# cannula changes - nightmare



## hkk1970 (Sep 26, 2013)

Hi everyone, Harrys cannula changes are becoming increasingly difficult and stressfull. He wont keep still , holds his legs up and covers his tummy area with his hands and then there is the screaming "i dont want this in anymore"

Ive had several punches in the face and often me and my husband get really stressed about it , this is all happening upstairs while my other poor 7 year old boy is downstairs all on his own.

We end up having to hold him down, which is horrendous but obviously the stronger he gets the worse it may become.

Im not sure whether its the pain of the needle going in or he is just adamant he doesnt want it in.

Is there a freezing solution/gel that can be put on before we insert, though we do already use safe skin because he gets itchy skin without that sprayed on.

thanks again

Helen
x


----------



## Hanmillmum (Sep 26, 2013)

Hi, we use emla cream on tummy as daughter finds it is painful there. No problems on her bot. TBH also with tum to begin with we had to bribe her with treats alongside emla cream if she didn't make a fuss. Could you show him some kids on you tube getting theirs inserted very bravely my daughter loves to watch others doing this.


----------



## Redkite (Sep 26, 2013)

Yes, I'd recommend emla cream too (you can get it on prescription).  You need to put it on his site 30-60 minutes before you want to do the cannula insertion, and cover it with a tegaderm dressing, then remove and wipe away before doing the insertion.


----------



## HOBIE (Sep 26, 2013)

I find if i hit the same spot it makes you jump. Same if on mdi.  I allways have just come out of bath/shower then do change. Skin is more refreshed & softer. Must be special washing up liquid     I know you are doing your best good luck !


----------



## everydayupsanddowns (Sep 27, 2013)

Heartbreaking reading this thread. I can't imagine what that must be like for a parent.

Apologies I have *NO* idea if this would be the case for a small person but...

Have you considered manual insertion? Some of the 'shock' of a spring-loaded kerplunker might be reduced by an actual person putting the set in (more gently)? You could practice on yourself first with a spare set so that you get a feel for how swiftly you need to push them in.

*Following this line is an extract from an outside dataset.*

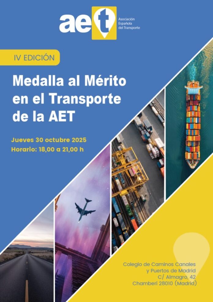 La Asociación Española del Transporte (AET) celebrará la cuarta edición de las Medallas al Mérito en el Transporte el 30 de octubre a las 18:00 horas. El acto tendrá lugar en el Colegio de Caminos Canales y Puertos, situado en la calle Almagro 42 de Madrid, y será retransmitido mediante streaming para quienes no puedan asistir presencialmente.

I've not done it very often, but many people swear by manual insertion and they seemed to create only half the 'sensation' of spring loaded ones when I have done them. With metal sets (sure-T on Medtronic) it was entirely pain-free. Though you do need to change metal sets at 2 days, of course.


----------



## bev (Sep 27, 2013)

Hi Helen,

Like others have said try emla cream.I would also think about moving the site to his bottom as more flesh and he wont be able to see what your doing. Also distraction techniques work well - perhaps let him play a game on an ipad or similar as a treat (something he wouldnt normally be allowed to do) or have a little treat. Sorry if you have already tried all this!Bev


----------



## Redkite (Sep 27, 2013)

I may have mentioned this before, but when my son was newly diagnosed aged 4 and on injections (he HATED them), we bought him a large piggy bank, and every time he had to have a lancet pricking his finger or an injection, he would get a "prickle penny" to put in the piggy bank.  When it was filled up there would be a trip to the toy shop.  Bribery is sometimes helpful, and it's nice for him to see something good coming out of having diabetes


----------



## Pumper_Sue (Sep 27, 2013)

hkk1970 said:


> Hi everyone, Harrys cannula changes are becoming increasingly difficult and stressfull. He wont keep still , holds his legs up and covers his tummy area with his hands and then there is the screaming "i dont want this in anymore"
> 
> Ive had several punches in the face and often me and my husband get really stressed about it , this is all happening upstairs while my other poor 7 year old boy is downstairs all on his own.
> 
> ...



As Mike says try manual insertion. From a personal point of view I find the insertion devices cause more pain imaginary and true than manual insertion.
If your son is totally resistant this method then it's back to MDI for him as no point what so ever in making him so upset as he is.

I also hope he had a painful reprimand from you for the punch in the face you received from him.


----------



## hkk1970 (Sep 27, 2013)

Hi,thanks for the advice. We will try the cream. We do manually insert,  we havnt got the spring loader ones, think that would make things worse!!!!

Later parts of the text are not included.